» PROBLEM TO WORK ON: Return all the lines below exactly. Any picture among them is omitted.
_ _ _ _
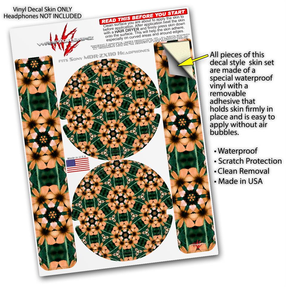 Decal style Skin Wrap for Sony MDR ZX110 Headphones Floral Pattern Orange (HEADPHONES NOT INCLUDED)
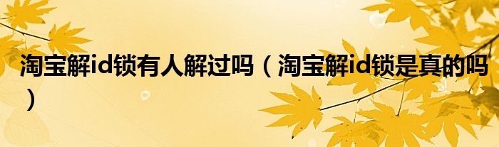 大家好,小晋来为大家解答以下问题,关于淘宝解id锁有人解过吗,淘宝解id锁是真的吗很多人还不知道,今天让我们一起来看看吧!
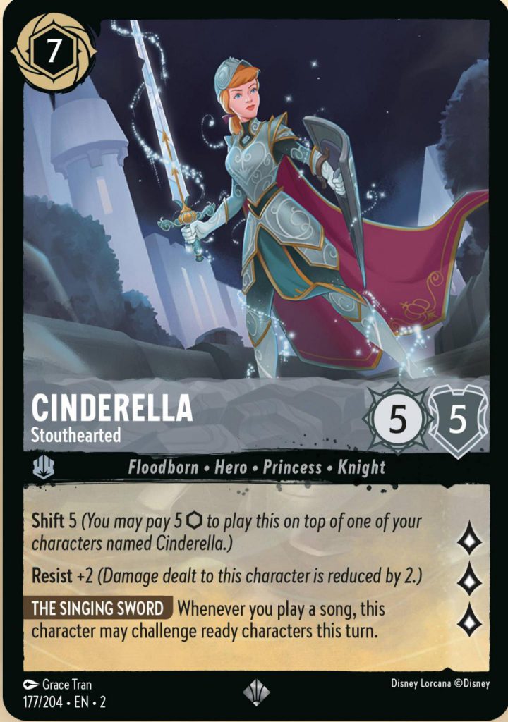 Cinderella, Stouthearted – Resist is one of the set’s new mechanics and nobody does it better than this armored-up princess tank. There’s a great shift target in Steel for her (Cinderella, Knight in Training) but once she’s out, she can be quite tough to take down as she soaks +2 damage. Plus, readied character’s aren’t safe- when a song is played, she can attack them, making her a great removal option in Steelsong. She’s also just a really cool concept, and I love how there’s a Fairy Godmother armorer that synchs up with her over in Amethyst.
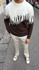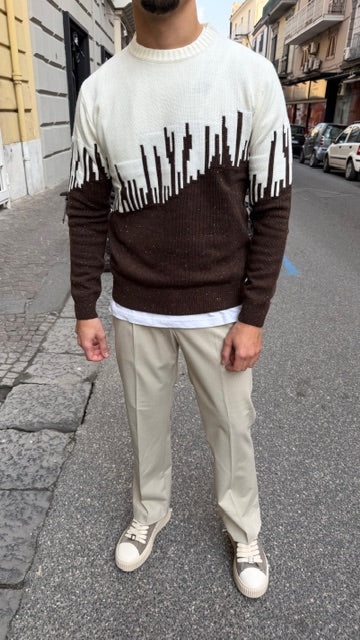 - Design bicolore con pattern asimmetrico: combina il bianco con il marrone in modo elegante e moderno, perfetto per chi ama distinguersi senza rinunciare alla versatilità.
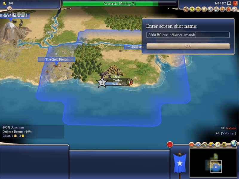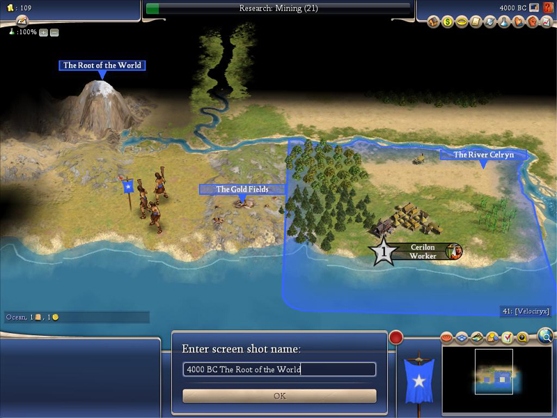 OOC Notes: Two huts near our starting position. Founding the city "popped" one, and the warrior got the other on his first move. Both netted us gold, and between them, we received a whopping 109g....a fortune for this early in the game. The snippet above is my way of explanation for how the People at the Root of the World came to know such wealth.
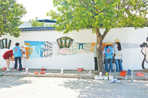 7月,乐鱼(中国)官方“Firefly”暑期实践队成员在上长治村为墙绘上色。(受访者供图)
_ _ _ _
» SOLUTION BELOW:
 Decal style Skin Wrap for Sony MDR ZX110 Headphones Floral Pattern Orange (HEADPHONES NOT INCLUDED)
 大家好,小晋来为大家解答以下问题,关于淘宝解id锁有人解过吗,淘宝解id锁是真的吗很多人还不知道,今天让我们一起来看看吧!
 Cinderella, Stouthearted – Resist is one of the set’s new mechanics and nobody does it better than this armored-up princess tank. There’s a great shift target in Steel for her (Cinderella, Knight in Training) but once she’s out, she can be quite tough to take down as she soaks +2 damage. Plus, readied character’s aren’t safe- when a song is played, she can attack them, making her a great removal option in Steelsong. She’s also just a really cool concept, and I love how there’s a Fairy Godmother armorer that synchs up with her over in Amethyst.
 - Design bicolore con pattern asimmetrico: combina il bianco con il marrone in modo elegante e moderno, perfetto per chi ama distinguersi senza rinunciare alla versatilità.
 OOC Notes: Two huts near our starting position. Founding the city "popped" one, and the warrior got the other on his first move. Both netted us gold, and between them, we received a whopping 109g....a fortune for this early in the game. The snippet above is my way of explanation for how the People at the Root of the World came to know such wealth.
 7月,乐鱼(中国)官方“Firefly”暑期实践队成员在上长治村为墙绘上色。(受访者供图)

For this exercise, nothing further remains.